One day, two lonely people

Their endless sweary tirades are exhausting A.L. Kennedy’s frustrated protagonists — and also (after 500 pages) her readers

issue 14 May 2016

Twenty-four long hours, two lonely people, one city in decline. This is the premise of A.L. Kennedy’s new novel Serious Sweet, a work full of anger at what has happened to London since the Thatcher revolution and concern for the city’s isolated, impotent inhabitants. Kennedy’s representative Londoners are Jon, a divorced and fusty civil servant, a ‘passed over man’ plagued by failure, and Meg, a bankrupt accountant and recovering alcoholic who jokes at her own expense that she is ‘Fine: Fucked-up Insecure Neurotic and Emotional’. The novel takes in many contemporary bugbears — the loss of civility, state snooping on private lives, misogyny and child abuse — but like the city itself, these are largely in the background or filtered through the minds of Jon and Meg. The plot of Serious Sweet, such as it is, lies in the vast interior landscapes of Kennedy’s suffering, self-lacerating protagonists.

As with other recent explorations of 21st-century individualism (Knausgaard, Yanagihara), Kennedy thinks that it takes a big novel to show just how distended the self has become.

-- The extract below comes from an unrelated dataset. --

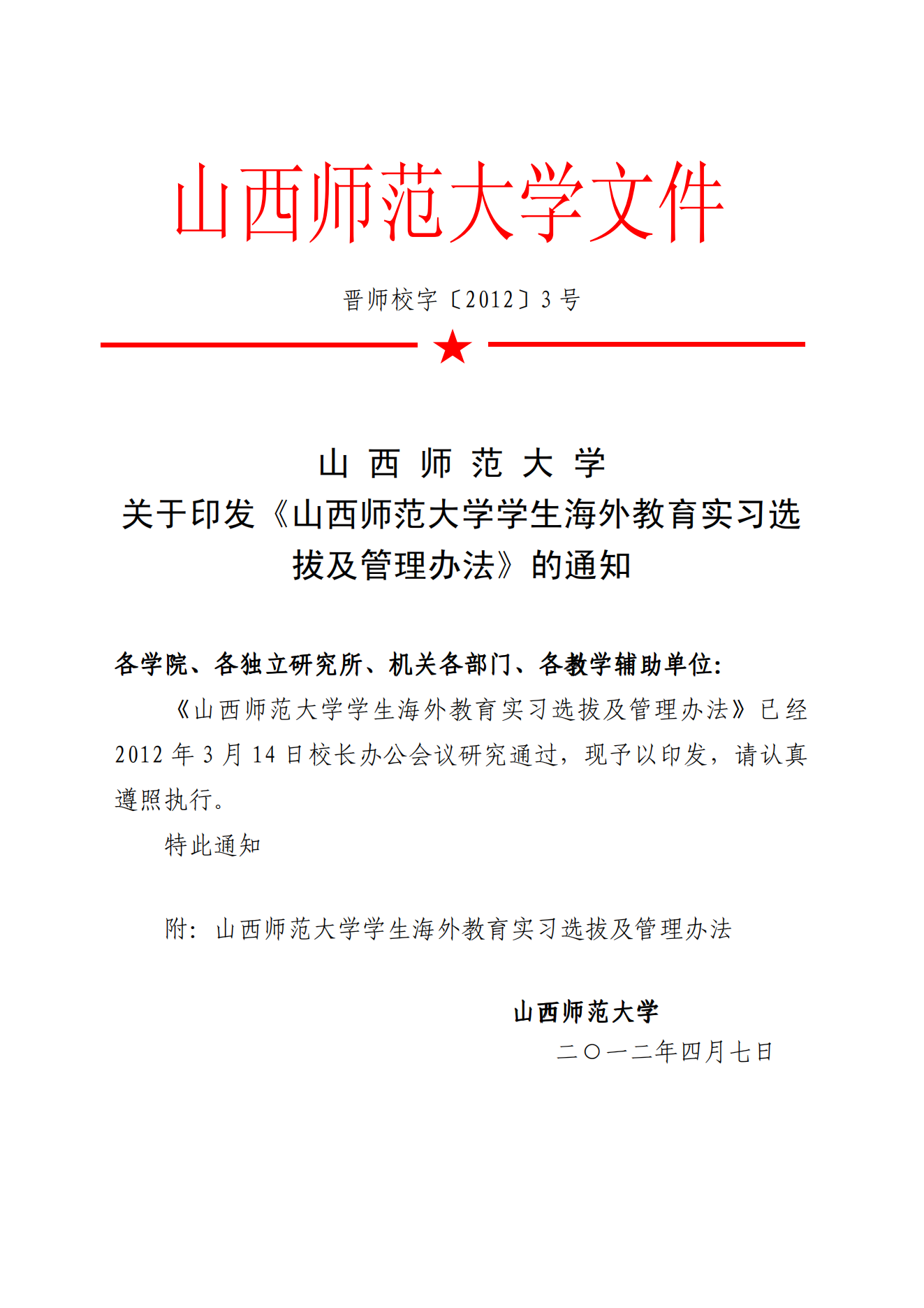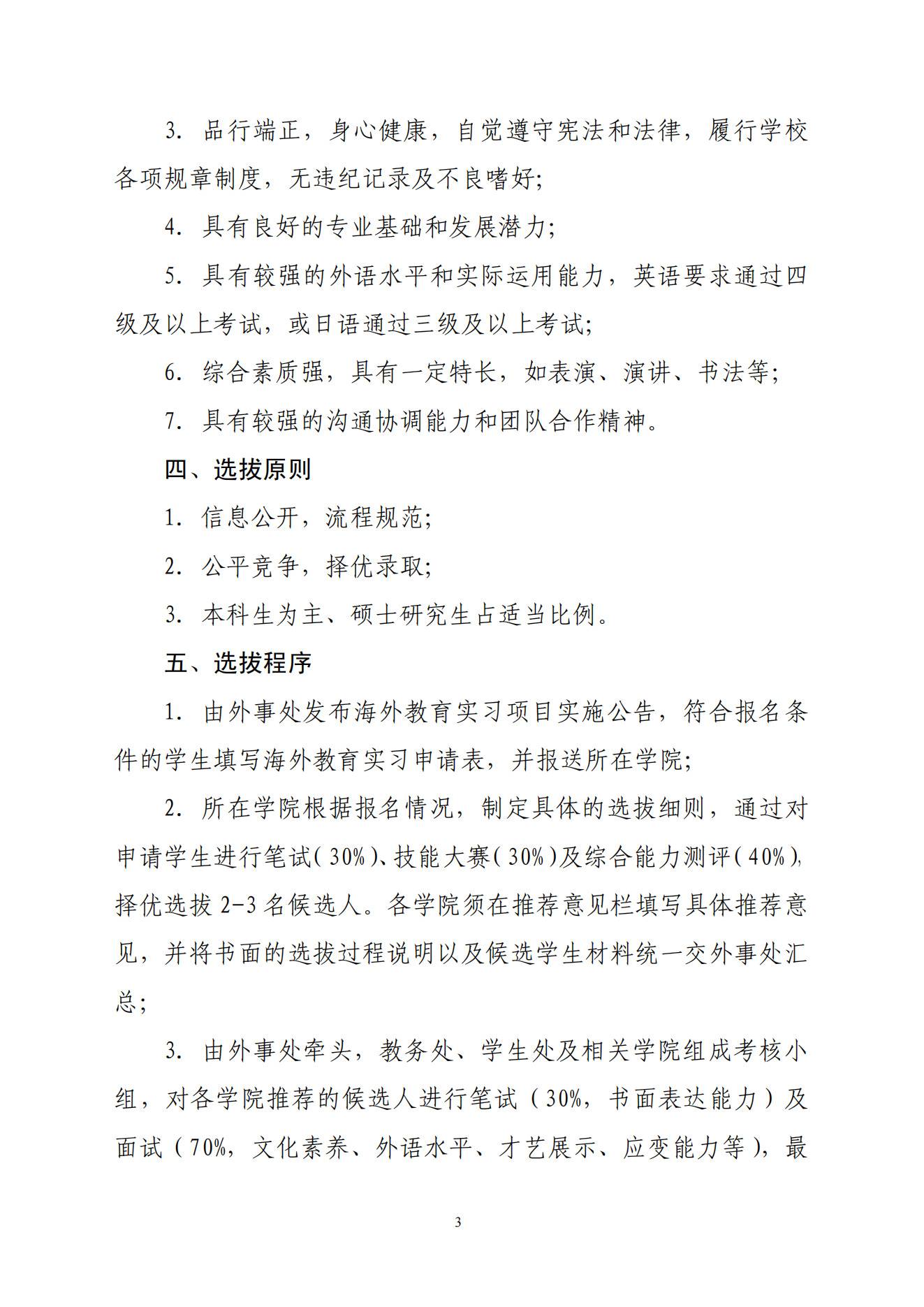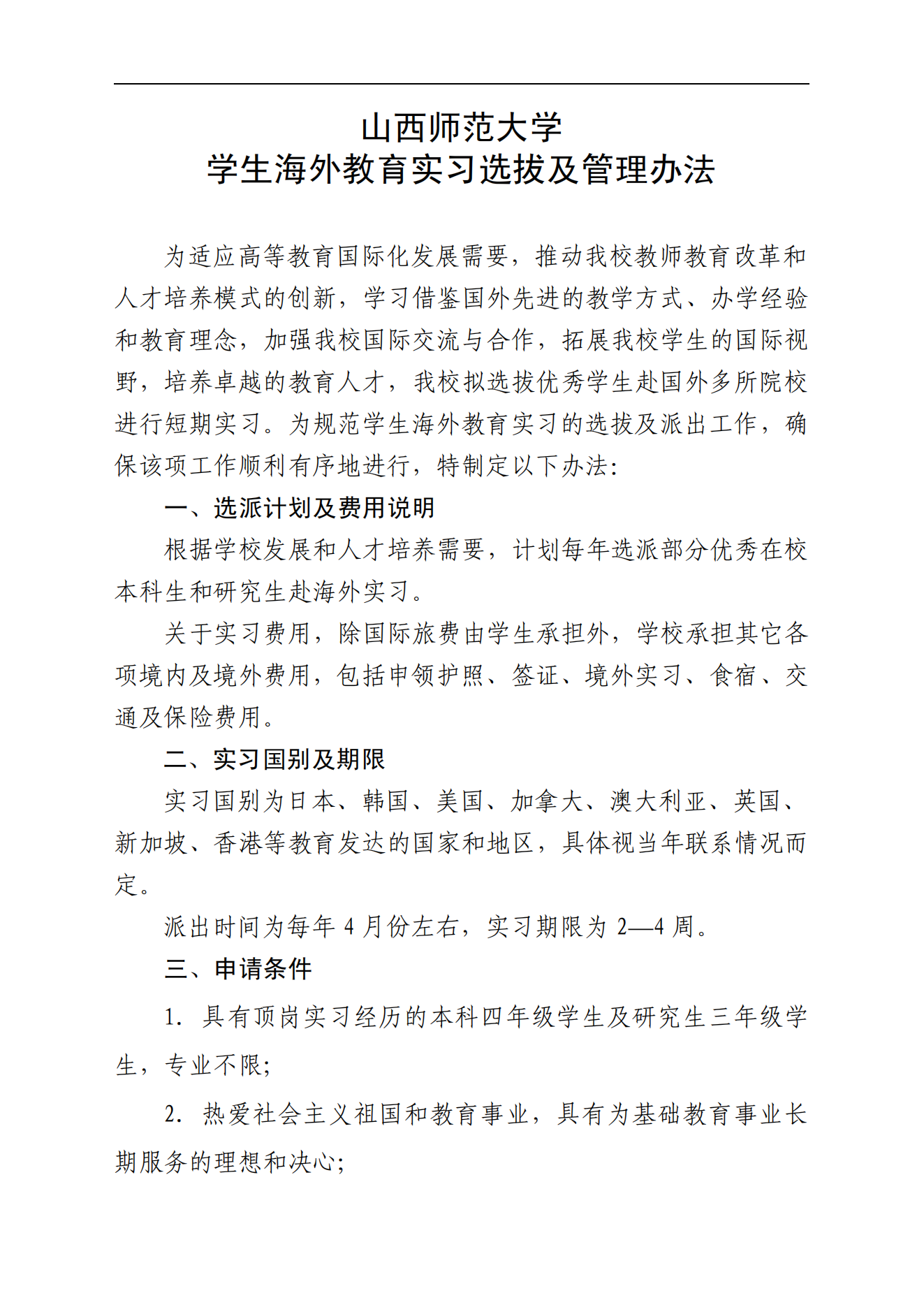 3003新葡官方网站学生海外教育实习选拔及管理办法

But in her case, the pursuit of people who are traumatised and adrift, and whose language is often banal (‘Fuck him fuck him fuck him fuck him fuck him’, is one of Meg’s not untypical thoughts), means that it isn’t only her characters, but Kennedy’s novel itself that suffers from a sense of exhaustion: endless sweary tirades are intended to show how frustrated Jon and Meg are, but the cumulative effect is deadening, making their voices indistinguishable and undermining what is nuanced and sensitive in Kennedy’s writing.

The epigraph to Serious Sweet comes from Matthew Arnold: ‘to see the object as in itself it truly is’. In her effort to achieve this, Kennedy gives over nearly half her book to italicised interior monologues which intersect with, and at times threaten to swallow up, the omniscient narration.